En voilà un dormeur!… Allons, le onze bis, réveillons-nous!… C’est la visite.

Jack ouvre les yeux, et la première chose qui le frappe, ce sont les draperies immobiles tombant jusqu’à terre du lit voisin.

– Eh bien! mon garçon, il paraît que vous avez eu une fière alerte cette nuit… Ce malheureux qui est tombé sur votre brancard en s’agitant… Ça a dû vous faire une fière peur… Voyons! dressez-vous un peu qu’on vous voie… Oh! oh! comme nous sommes faible!

Celui qui parle ainsi est un homme de trente-cinq à quarante ans, avec une calotte de velours, un grand tablier blanc remontant en pointe sur la poitrine, la barbe blonde, l’œil fin et même un peu railleur. Il tâte le malade, lui adresse quelques questions:

– Quel est votre métier?

– Mécanicien.

– Est-ce que vous buvez?

– Je buvais… Je ne bois plus.

Puis un silence un peu long.

– Quelle vie avez-vous donc menée: mon pauvre garçon?

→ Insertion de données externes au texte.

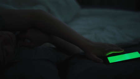 Young man waking up with mobile alarm clock with green screen early in the morning. Sleepy guy waking up after hearing alarm clock signal on smartphone, reaching for ringing mobile phone with chromakey and using it.

Le médecin n’en dit pas plus, de peur d’effrayer son malade; mais Jack a surpris dans sa physionomie la même curiosité douloureuse, le même intérêt sympathique, qui l’ont accueilli la veille au parvis Notre-Dame. Les internes entourent le lit. Le chef de service leur explique les symptômes qu’il a observés sur le malade. Très intéressants, paraît-il, et très alarmants, ces symptômes! À tour de rôle, les élèves viennent s’assurer des observations du maître. Jack tend son dos à toutes ces oreilles curieuses; et, enfin, au milieu des mots «inspiration, expiration, râles sibilants, craquements au sommet et à la base, phtisie aiguë,» il comprend que son état est très grave, si grave qu’après que le médecin a dicté son ordonnance à un interne, la sœur s’approche de son lit, et, doucement, discrètement, lui demande s’il a une famille à Paris, quelqu’un à prévenir, s’il attend des visites aujourd’hui dimanche. Sa famille? Tenez! la voilà. Ce sont ces deux êtres, un homme et une femme, qui se tiennent au pied du lit sans oser avancer, deux figures du peuple, un peu communes et bonnes, qui lui sourient. Il n’a pas d’autres parents que ceux-là, pas d’autres amis. Ce sont les seuls qui ne lui aient jamais fait de mal.